Начиная с сорокового и до конца сорок пятого все участники боевых действий, в первую очередь на передовой, получали в пайке обязательные сто грамм водки. По народной легенде, началось все с советско-финской войны и личной просьбы наркома обороны Клима Ворошилова к Сталину — выдавать бойцам и командирам Красной армии по 100 граммов водки и 50 граммов сала в день ввиду тяжелых погодных условий. Морозы на Карельском перешейке стояли ниже тридцати пяти. Распоряжение отдали незамедлительно, причем танкистам дозу удвоили, а летчикам было решено выдавать не водку, а коньяк. Грелись таким образом до конца марта сорокового. Тогда и появился термин «ворошиловский паек» или «наркомовские сто грамм». А в июле сорок первого водку снова ввели в рацион бойцов.

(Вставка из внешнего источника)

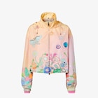 Short windbreaker jacket with hood and drawstring edge. High collar and low-cut set-in long sleeves with elasticated cuffs. Side pockets. Zip fastening with double slider. Part of the “Fantastic Fendi Future” capsule collection designed in collaboration with Japanese artist Aya Takano and made of nylon with the Fantastic Flowers print in pink and yellow tones. Palladium-finish metalware.

Пить или использовать как жидкие деньги оставалось на усмотрение самих бойцов, но подавляющее большинство потребляло внутрь и настолько привыкло, что обеда или ужина без «наркомовских» уже не представляло.
В одесском дворе в любом семейном разговоре спокойно могут участвовать от двух до пятнадцати человек, не считая прописанных, потому что двери и окна — настежь, и все в курсе. А те самые телевизоры, которые подешевели вместе с водкой, даже с такой феноменальной скидкой оставались дефицитом и роскошью.
— Дамы! Но тут же налицо вопиющая несправедливость! Ася, твой муж — святой человек! — подписался новый житель Гедалиной конюшни Феликс — немножко партийный, немножко ученый и очень деловой научный сотрудник. — Во-первых, он пьет наркомовские сто водки, а так как он у тебя летает по всей квартире — то ему как летчику положен коньяк. Во-вторых, давайте спросим у старших товарищей. Василий, ты же в райкоме часто бываешь — передай, шо народ интересуется: почему на водку снижение на двадцать пять процентов, а на цемент, патефоны, часы и сено — тридцать?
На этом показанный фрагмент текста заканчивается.